We consider different portfolio sizes for the experiment. Theoretically, the bigger the portfolio the smaller the tracking error.

portfolio_sizes = [5, 15, 30, 60, 100, 300]

We always work with the last two years of data, considering the last available date the portfolio computation date.

weights_dict = {}

for k in portfolio_sizes:
    weights_df = get_portfolio_weights_at_different_dates(
        asset_returns=asset_returns,
        portfolio_size=k,
        rebalance_dates=rebalance_dates,
        lookback=pd.offsets.BusinessDay(252 * 2)
    )
    weights_dict[k] = weights_df

Below we plot the rolling tracking error to evaluate this metric using a sliding-window approach.

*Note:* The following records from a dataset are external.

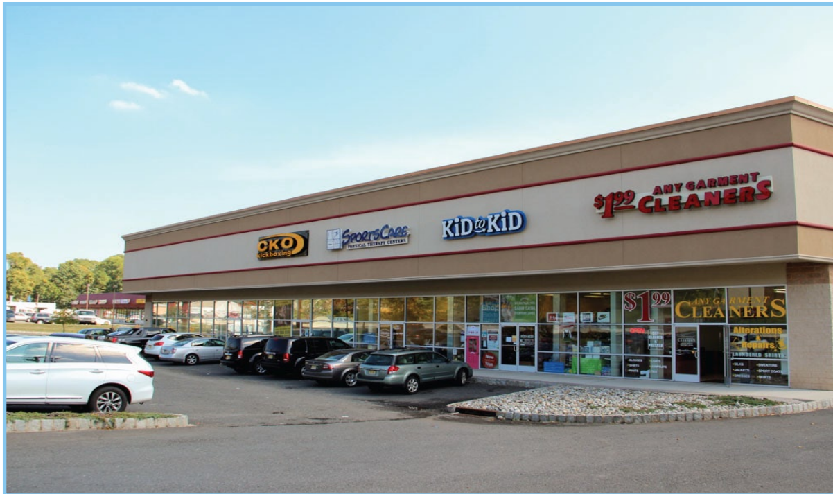
Co-Tenants: CKO Kickboxing, Sports Care Physical Therapy, Kid to Kid Children's Clothing & Cleaners

Easy Access: Situated less than .5 miles to U-Turn intersection in both directions.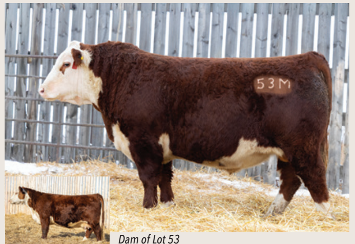
Dam of Lot 53

A moderate birthweight bull with a solid gain leading to a strong weaning weight, good pigment, and a great foot. We like bulls' stout with solid muscle. The fact that 53M does this while also maintaining an admirable amount of balance is the cherry on top. For those that pay attention to pedigrees it's also important to note that his dam is a solid Royal daughter, renowned for their udder quality.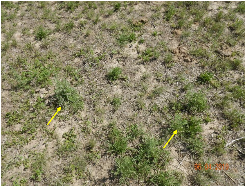
Photo 13: Photo taken from the adjacent areas of the location. Photo shows areas where Diffuse Knapweed have spread from the location remain established.

This allows us to asses the evolution of the tracking portfolio quality over time.

def get_tracking_error(asset_returns, index_returns, portfolio_weights_matrix):
    tracking_portfolio = (asset_returns * portfolio_weights_matrix).sum(axis=1)
    _index = index_returns.loc[tracking_portfolio.index].squeeze()

    spread = tracking_portfolio - _index.loc[tracking_portfolio.index]
    rolling_tracking_error = spread.rolling(252).std()
    rolling_tracking_error *= np.sqrt(252) * 100
    return rolling_tracking_error

fig, ax = plt.subplots(1, 1, figsize=(17, 8))

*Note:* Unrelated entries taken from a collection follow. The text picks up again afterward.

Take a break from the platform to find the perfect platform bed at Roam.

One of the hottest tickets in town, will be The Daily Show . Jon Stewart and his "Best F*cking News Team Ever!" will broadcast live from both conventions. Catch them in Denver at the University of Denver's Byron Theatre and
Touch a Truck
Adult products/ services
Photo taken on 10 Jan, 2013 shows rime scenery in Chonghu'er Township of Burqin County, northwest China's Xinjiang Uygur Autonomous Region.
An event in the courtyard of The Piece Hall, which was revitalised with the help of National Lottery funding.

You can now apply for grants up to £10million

for k, weights in weights_dict.items():
    rolling_tracking_error = get_tracking_error(
        asset_returns=asset_returns.loc["2010":"2024"],
        index_returns=index_returns.loc["2010":"2024"],
        portfolio_weights_matrix=weights.loc["2010":"2024"]
    )
    rolling_tracking_error.plot(
        ls="--", marker=".", mfc="w", lw=1, ax=ax, label=f"Portfolio size: {k}"
    )

ax.grid(True, alpha=.3)
ax.legend(fontsize=16, ncol=2)
ax.set_title("Yearly rolling tracking error", fontsize=23);
ax.yaxis.set_major_formatter(mtick.PercentFormatter())
ax.set_ylabel("Yearly rolling TE", fontsize=20)
ax.set_xlabel("Date", fontsize=20)
ax.tick_params(axis='both', which='major', length=0, labelsize=20)

As expected, we clearly see the tracking error decreases with the size of the portfolio: the greater the number of elements the smaller the TE is. We notice significantly higher tracking errors at 2014, 2020 and 2023. The ones at 2020 and 2023 are caused by an increase in the volatility of the index, as shows below. The 2014 is probably due to the quality of the tracking not being very good, either because the PCA does not capture the dynamics or because of the covariance matrix used (in sample over the returns of the last 2 years) is significantly different from the matrix on the test period.

fig, ax = plt.subplots(1, 1, figsize=(17, 8))

(100 * np.sqrt(252) * index_returns.rolling(252).std()).loc["2010":"2024"].plot(ax=ax)

ax.grid(True, alpha=.3)
ax.legend(fontsize=16, ncol=2)
ax.set_title("Yearly SP500 volatility", fontsize=23);
ax.yaxis.set_major_formatter(mtick.PercentFormatter())
ax.set_ylabel("Yearly volatility", fontsize=20)
ax.set_xlabel("Date", fontsize=20)
ax.tick_params(axis='both', which='major', length=0, labelsize=20)

4. Why is it “Naive”?

The approach we have used is far from desirable. Some reasons why:

PCA does not directly address the minimization of the tracking error.
PCA focuses on explaining the variance of the data, which may not be the best way to capture market movements.
Constraints: we have somewhat included the cardinality constraing on our portfolio construction but it was a far from elegant solution. What if we want to add more constraints? For intance: what if we want a portfolio computed at time \(t+1\) to be derived from the portfolio at time \(t\), limiting for example the number of assets that are allowed to change from \(t\) to \(t+1\)? PCA is not suited for these constraints.

5. Conclusions

In this post we have briefly review the definition of Index Tracking and we have applied Principal Component Analysis to construct tracking portfolios. We have tested the methodology using the SP500 dataset, for which we have computed portfolios from different sizes.

Results show that we can achieve a 5% tracking error using portfolio sizes of 60 or more.

Finally, we have stated that PCA is probably the most naive way to approach the Index Tracking problem, since it has many caviats.

References

Benidis, K., Feng, Y., & Palomar, D. P. (2018). Optimization methods for financial index tracking: From theory to practice. Foundations and Trends® in Optimization, 3(3), 171-279.